This study describes the exposure of 16 individual fecal microbiota samples to 5 different fibers using an in vitro system for the anaerobic cultivation of bacteria [12]. After fiber exposure, effects on microbial composition and functional profiles were determined. Furthermore, we investigated whether the intestinal health status of fecal donors modulates fiber effects on the microbiota. To this aim, we evaluated the fecal microbiota obtained from donors with good intestinal health and from donors with a diagnosis of IBD.

2. Materials and Methods

2.1. Fecal Collection

Figure 1 illustrates the procedures performed during the study. Fecal material for the experiment was collected from 16 donors, including 5 with good intestinal health (3 males and 2 females; age between 17 and 45; average age = 32) and 11 with intestinal complaints and a clinical diagnosis of Inflammatory Bowel Disease (IBD) (8 males and 3 females; age between 32 and 74; average age = 52). For simplicity, the two groups of subjects are referred to as ‘healthy’ and ‘IBD’ throughout the article; these labels should be interpreted as descriptors of their intestinal, and not systemic, health. The fecal donors were recruited by advertising the research project at a university hospital in The Netherlands. The collection of fecal samples was approved by the Medical Research Ethics Committee (METC) of the University Medical Center Utrecht, an independent ethical review board (Central Committee on Research Involving Human Subjects (CCMO) number: NL62046.041.17).
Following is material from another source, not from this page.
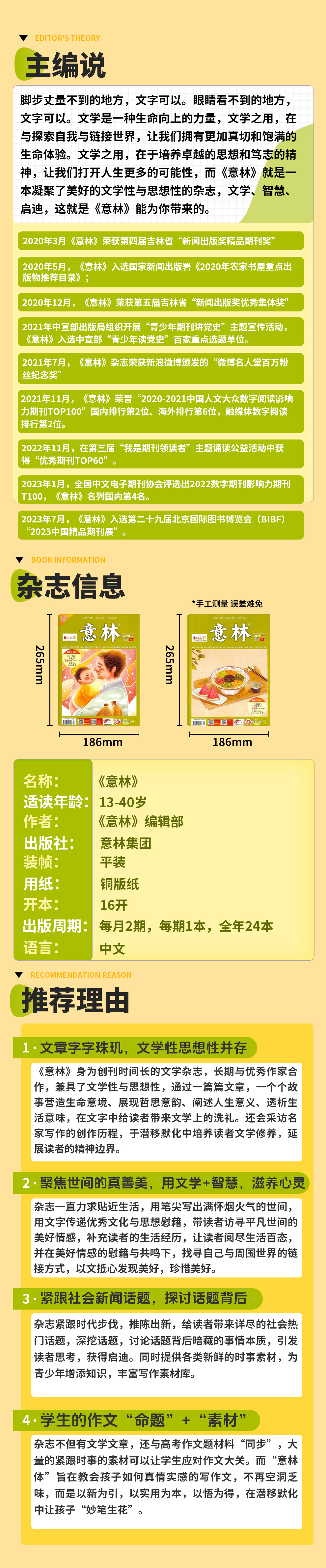 说明:意林2025年1月开始单价由9元调整为10元,全年定价240,售价216元
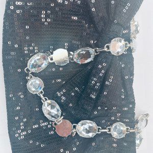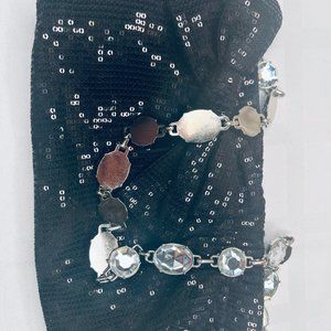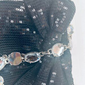 White House Black Market Sequin Bag Jewelled Strap Black Large Bow Zip Close

To collect the sample, the subjects used the FecesCatcher, a specimen collection device consisting of biodegradable paper to be placed under the toilet seat (fecesvanger.nl). Fecal material was collected with a sterile plastic spoon and placed in a tube that was, in turn, placed in an anaerobic jar (materials provided by TNO) with an AnaeroGen Sachet (Thermo Fisher Diagnostics GMBH). The jar was kept at 4 °C until delivery at the laboratory (within 24 h from collection). There, the material was introduced in an anaerobic chamber, diluted 1:3 with phosphate-buffered saline, and homogenized. Finally, 20% glycerol was added before storing the material at −80 °C.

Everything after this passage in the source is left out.